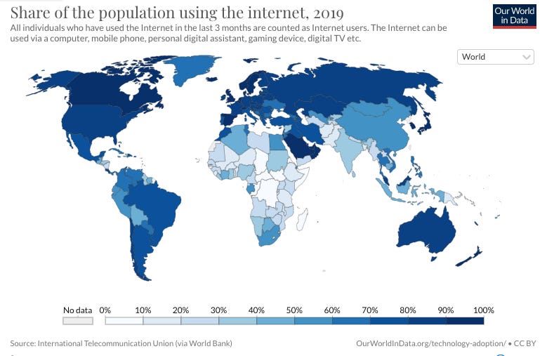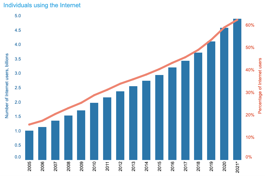 En el gráfico de abajo podrás ver que en el 2018 éramos alrededor de 3.7 billones de personas utilizando el internet (alrededor del 50% para ese año). Esta cifra aumentó considerablemente durante la pandemia. Sin embargo, actualmente todavía existe una gran cantidad de personas sin acceso a internet.
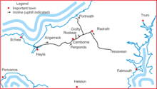 The main line was in new construction from Penzance to a point near Trenowin Farm, east of Angarrack, then using the Hayle Railway route to near the Redruth station, but with a short new section to by-pass the Penponds inclined plane. From Redruth there was new construction (with a new, more central station at that town) to a terminal station about a mile west of Truro. This was at Higher Town, but its official name was Truro Road,[8][9][10] although MacDermot uses the name Higher Town.[3]
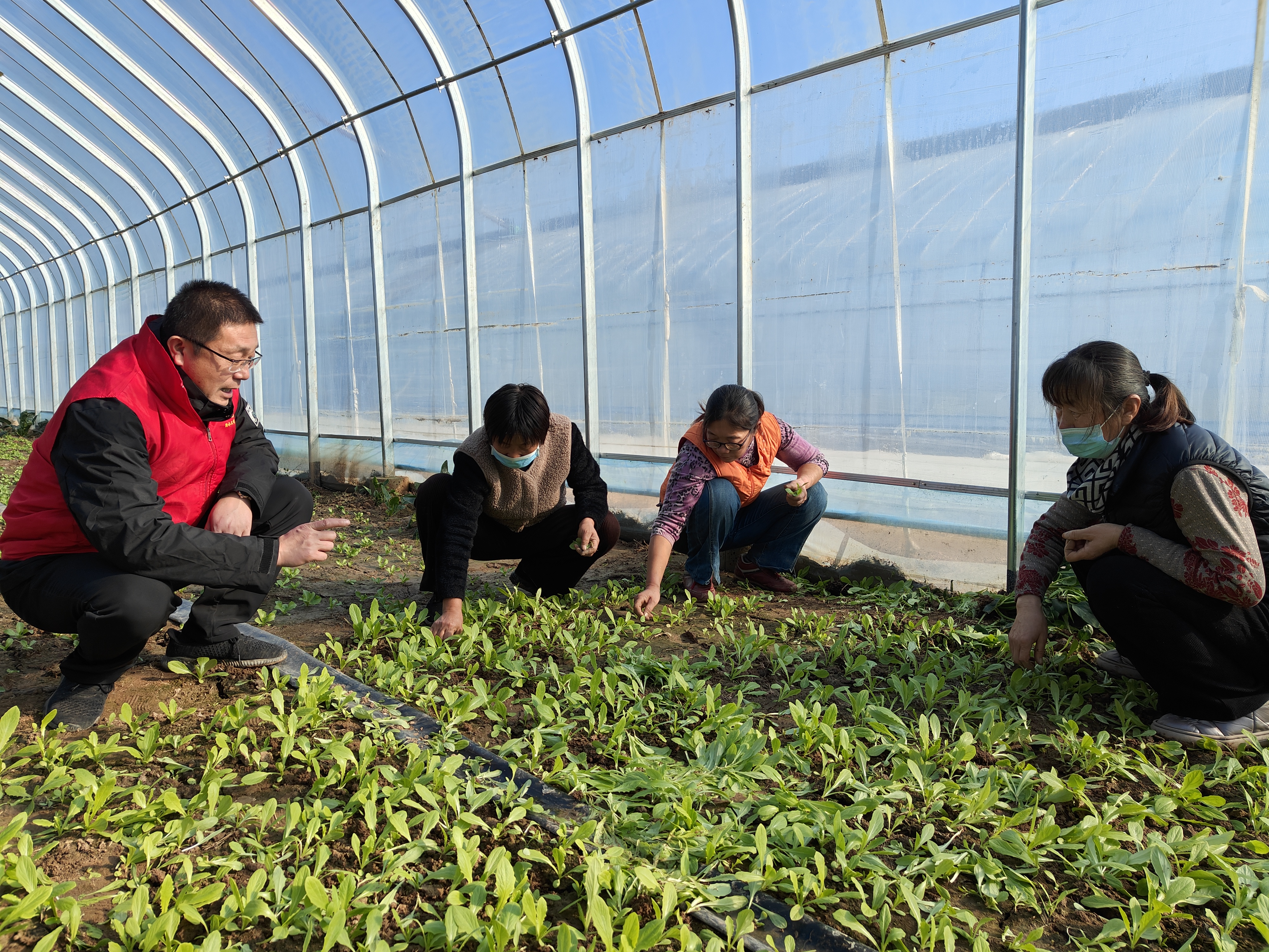 走进村里的蔬菜大棚,一片绿意映入眼帘,菠菜、生菜、油麦菜等长势旺盛。一位身穿红马甲的“小麦穗”成员正蹲在菜地里,和村民说着什么。
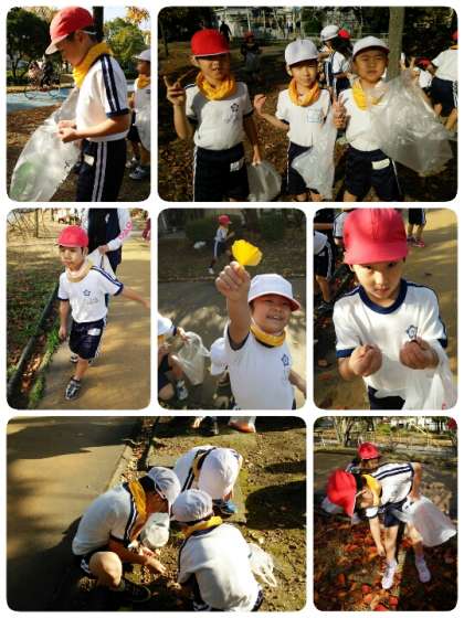 緑陰道路での秋みつけを終え、帰りには学校前の中央公園にも寄りました。

# [Exercise]
The listing above must be repeated exactly. Its pictures are not part of the copy.

# [Worked solution]
 En el gráfico de abajo podrás ver que en el 2018 éramos alrededor de 3.7 billones de personas utilizando el internet (alrededor del 50% para ese año). Esta cifra aumentó considerablemente durante la pandemia. Sin embargo, actualmente todavía existe una gran cantidad de personas sin acceso a internet.
 The main line was in new construction from Penzance to a point near Trenowin Farm, east of Angarrack, then using the Hayle Railway route to near the Redruth station, but with a short new section to by-pass the Penponds inclined plane. From Redruth there was new construction (with a new, more central station at that town) to a terminal station about a mile west of Truro. This was at Higher Town, but its official name was Truro Road,[8][9][10] although MacDermot uses the name Higher Town.[3]
 走进村里的蔬菜大棚,一片绿意映入眼帘,菠菜、生菜、油麦菜等长势旺盛。一位身穿红马甲的“小麦穗”成员正蹲在菜地里,和村民说着什么。
 緑陰道路での秋みつけを終え、帰りには学校前の中央公園にも寄りました。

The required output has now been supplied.